In Praise of Blogging
I am a blogger. This is
something I hesitate to admit in polite society, where the response is likely
to be a thinly disguised sneer. However, I’m sure I can safely ‘come out’ to
the open-minded readers of Literary
Review and proclaim, loud and clear, the joys of blogging.
I never intended to be a
blogger. The name alone is enough to put anyone off – ‘blog’ is an ugly word –
and besides, I’ve always been about as tech-savvy as an aardvark. Then one of my
oldest and closest friends started a blog and the scales fell from my eyes. I
realised that, in the right hands, a blog, which I’d lazily assumed to be an
outlet for opinionated egos or a medium for look-at-me wittering, could
actually be a thing of beauty, a repository of interesting and original
thought, of humour and pleasure, of amiable interchange among friends.

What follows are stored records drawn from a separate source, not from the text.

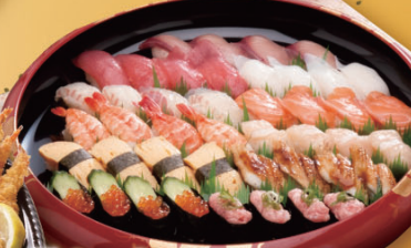
松セット 寿司4~5人前 +オードブル 12,800円 (税込)
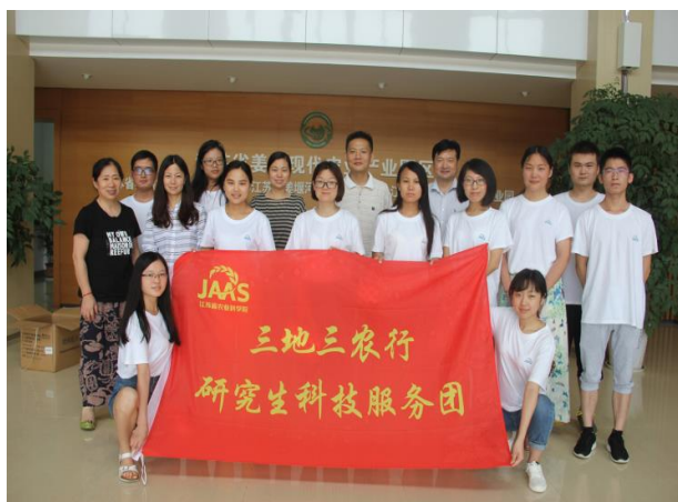
苏中姜堰区分队成员合影
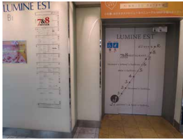
EV-K01 拡大図 (S=1/4)
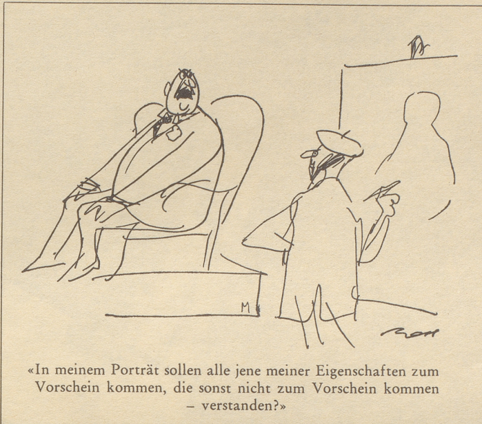
«In meinem Porträt sollen alle jene meiner Eigenschaften zum Vorschein kommen, die sonst nicht zum Vorschein kommen – verstanden?»
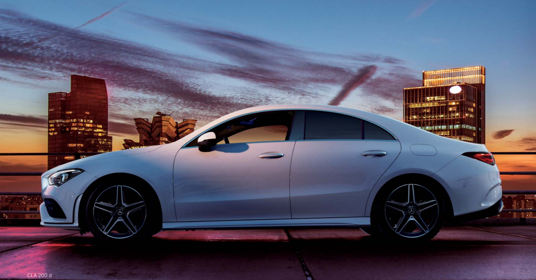
CLA 200 d

ボディカラー:ポーラーホワイト(ソリッドペイント) 主要オプション:AMGラインパッケージ(有償オプション)
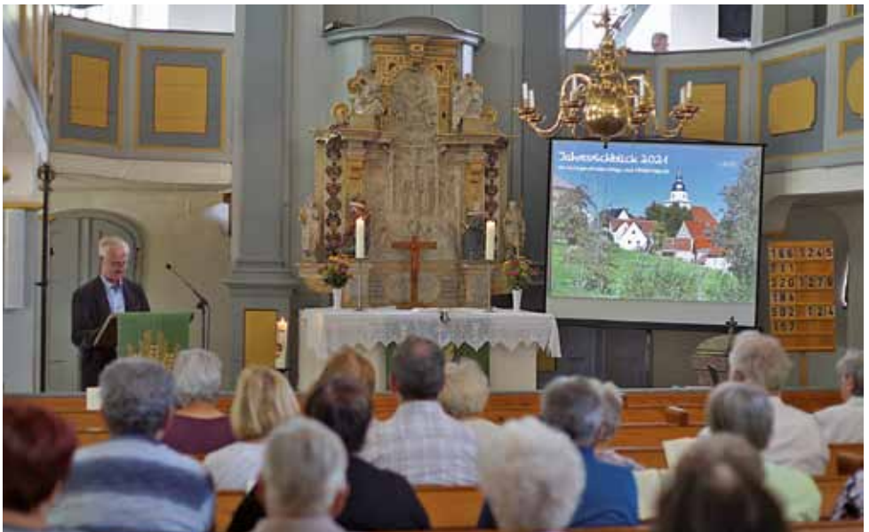
Titelfoto: Gemeindefest Burkhardswalde
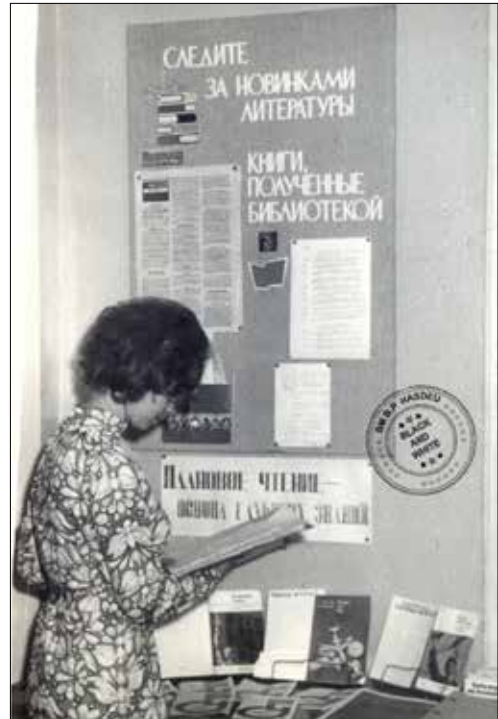
Noi intrări promovate cu ajutorul panoului informativ

Variațiile expozițiilor moderne au menirea de a ului utilizatorii bibliotecii, de a le suscita și menține viu interesul pentru cărțile, serviciile și activitățile bibliotecii. În prezent bibliotecarii moderni apelează la diverse tehnici împrumutate din domeniul designului, marketingului, brandingului pentru a surprinde cititorii (jocul cu culorile și dimensiunile, principiile contrastului, alinierii, repetiției, alternanței, progresiei, echilibrului asimetric, simetriei radiale, focusarea pe detalii, amplasarea strategică, orientarea spre necesitățile informaționale ale utilizatorului, reinven-
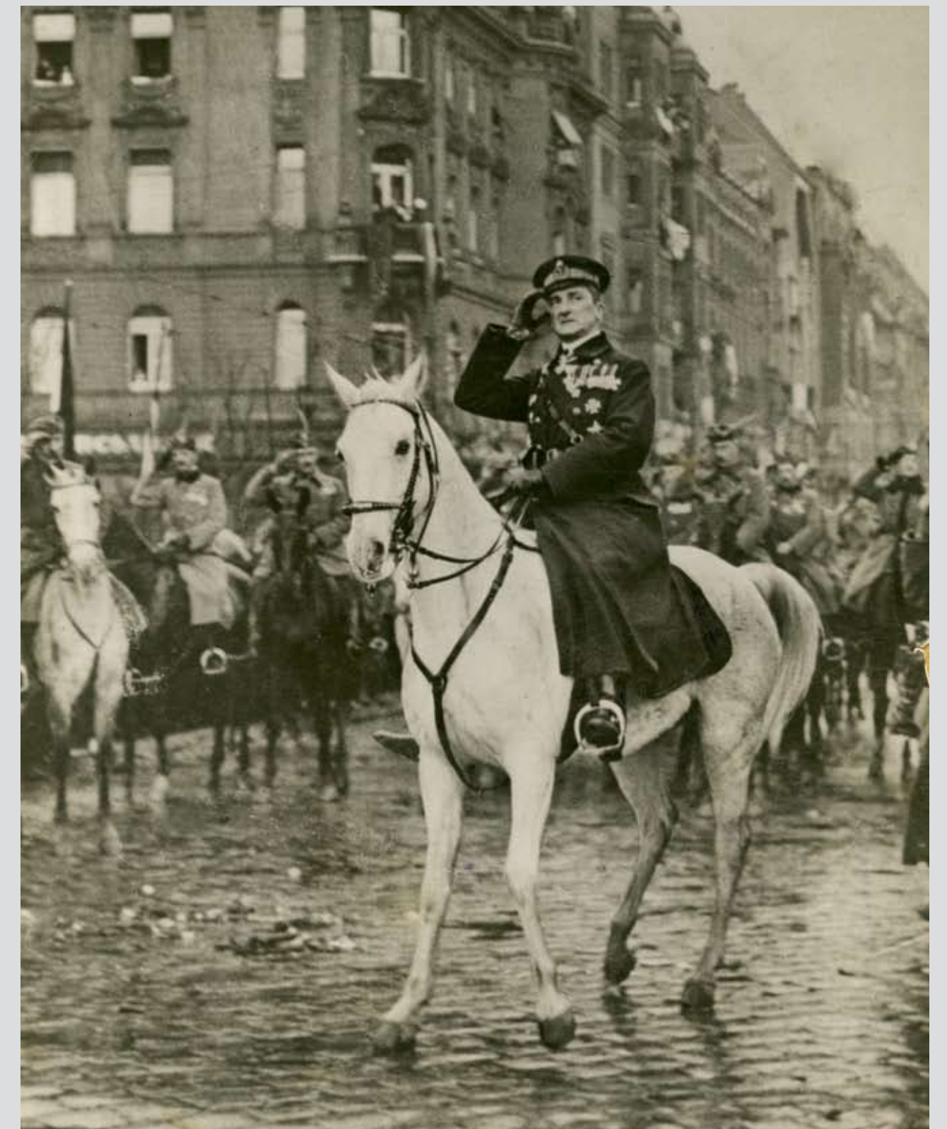
Nagybányai Horthy Miklós altengernagy bevonul Budapestre.

The foundations of the Royal Hungarian National Army were set upon a notice issued on 19 June 1919 by Vice Admiral Miklós Horthy, Minister of War in Gyula Károlyi's cabinet formed in Szeged. The National Army initially comprised armed detachments of officer's and NCO's companies of a few hundred soldiers each. These units were not involved in armed conflicts against the Red Army. The units of the National Army, loyal to Miklós Horthy all the way, rather had a role after the Commune had failed. Their headcount increased to 56,000 until the end of November 1919. Such units took action in the legitimation of Miklós Horthy's power, the restoration of supremacy over Hungarian territories after the Allies' troops had withdrawn, other military activities, and the liberation of Újszeged and Pécs.
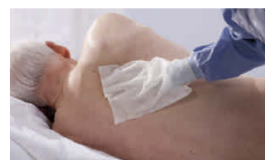
Rücken vom Hals bis zum Gesäßbereich waschen
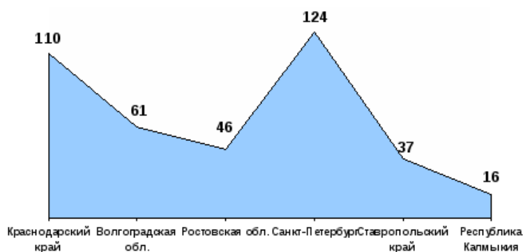
Рисунок 1 – Сведения о количестве учреждений социального обслуживания семьи и детей

I became a frequent contributor
to my friend’s blog, then a co-blogger and stand-in. Finally, when the blog
founder gave signs of losing interest, I decided to take the plunge and start
my own. I was having too much fun to stop now. It’s very easy to set up a blog
(if it hadn’t been, I’d never have managed it). Indeed it’s so easy that I was
up and running before I’d given enough thought to my blog’s name. Hence I
remain self-lumbered with ‘Nigeness’, modified now by the less blokey and more
descriptive (I hope) ‘A Hedonic Resource’.
My blog has been running for
eight years and I still enjoy writing it and being part of a particular corner
of the blogscape, a loose community of the more-or-less like-minded whose
interests revolve around books, pictures, music, the natural world, walking,
church-crawling, drink and whatever oddities might catch our eye. But what I
have particularly enjoyed is making new discoveries that otherwise might never
have come my way.
In the literary field, my blog
journey has led me to discover (or in some cases rediscover) several writers
who are unfashionable, neglected or in danger of being forgotten, such as
Christina Stead (The Man Who Loved
Children), Stanley Elkin, Charles Portis (whose Masters of Atlantis is one of the funniest novels I’ve ever read), Flannery
O’Connor, the inimitable Ivy Compton-Burnett and the poet Richard Wilbur. While
much of the literary blogscape is devoted to discussing the new and
fashionable, there is ample space where the sole concern is quality, regardless
of the currents of contemporary 'relevance'.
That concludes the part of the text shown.